From the way she smiled, I judged that it had worked again, and now I had only to finish dressing and try not to let myself worry to excess.
Our reservation was not for an hour and a half yet, so we sat down in chairs on opposite sides of my computer, plugged into our VR helmets and gloves, and went off to announce our engagement to our chat room friends, setting an alarm so that we would leave ourselves plenty of time to get to the Curious Monkey.
Both Helen and I had been frequenting this chat room for a couple of years, long enough and often enough so that each of us thought we had introduced the other to it. It wasn’t the liveliest chat room either of us had ever found, just a place where a few expats scattered all over the globe liked to get together. Around seven PM Enzy time, almost every day, our little group logged on and met, just as if there were things we particularly needed to talk about or real business to be done.
A few weeks ago everyone had gotten bored with the old Roman Forum setting that we’d had for the better part of a year, so to give it a drastic change we had reset it as Casablanca—not the city, but the film.
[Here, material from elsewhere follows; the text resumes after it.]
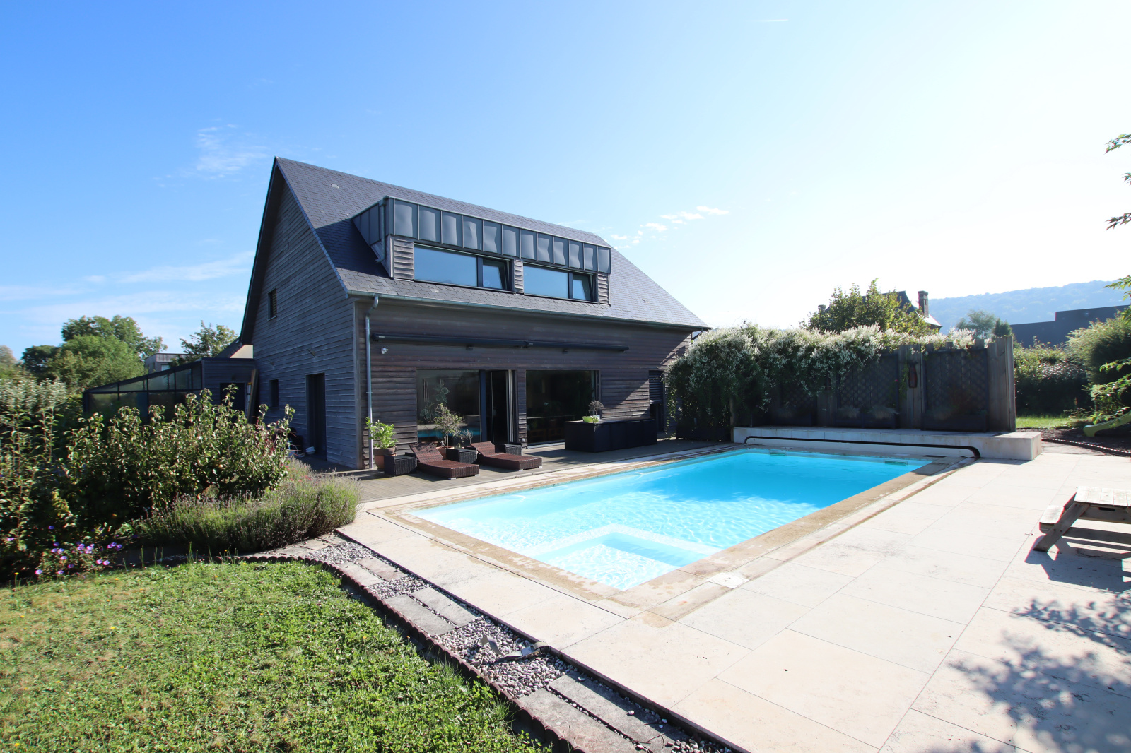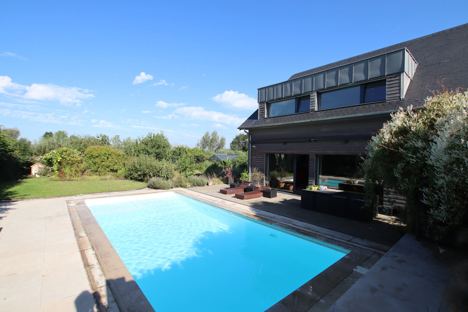Au calme, dans une impasse, venez découvrir cette maison d'architecte de 186 m², maison dite "passive", classée DPE "A",très basse consommation, édifiée en 2012 sur un terrain de 1900 m². Elle comprend entrée, grand pièce de vie ( 75m²) avec cuisine aménagée et équipée ouverte sur salle à manger - salon , arrière cuisine, buanderie, toilettes. A l'étage, palier avec espace bureau, 3 chambres dont une suite parentale avec dressing, salle d'eau. Piscine construite en 2019 chauffée par une PAC. Garage attenant, 2 abris de jardins, 2 serres. Entièrement clos. Cuve réserve eau 5000 litres. Tout à l'égout. Jardin atypique.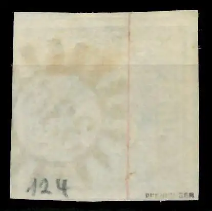 3 Kr blau, Freimarke, Wertziffer im Viereck (Quadratausgabe), allseits breitrandig, Stempel nach SEM 2.--, rückseitig kleiner Falzrest

That movie was still nearly the expatriate’s Bible—it had everything—a real American of African descent, a free and tough American, defiance of the Germans. Using that movie also made our chat group, which was a tight one, less likely to have visitors, since the movie was banned everywhere except the free countries (and even there was really only permitted in unadvertised private showings—local German consuls tended to regard it as something other than a purely internal matter).
Helen and I had gotten lucky—I was wearing the Paul Henreid body, and looked smashing in a white suit; she had gotten the Ingrid Bergman.
We went over to join our friends at the table. All of them had gotten there before we had, and were wearing the red rose on a lapel, or as a brooch, that indicated that they were present in real time, and not just an artificial personality recording the events for later. “Hello, everyone,” I said. “We have some real news this evening.”
The Colonel—I had just learned that afternoon that his real name was Roger Sykes—was wearing the body of Sidney Greenstreet tonight; sometimes he wore the Bogart body instead. He leaned way back in his chair and said, “Well, then, share it.”
At his right, Kelly Willen, wearing a dignified older lady from one of the crowd scenes, nodded and smiled. Terri Teal, dressed as a demimonde to no one’s surprise, nodded at us. She flicked some ash from her extremely long and decadent-looking cigarette holder and said, “Do tell.”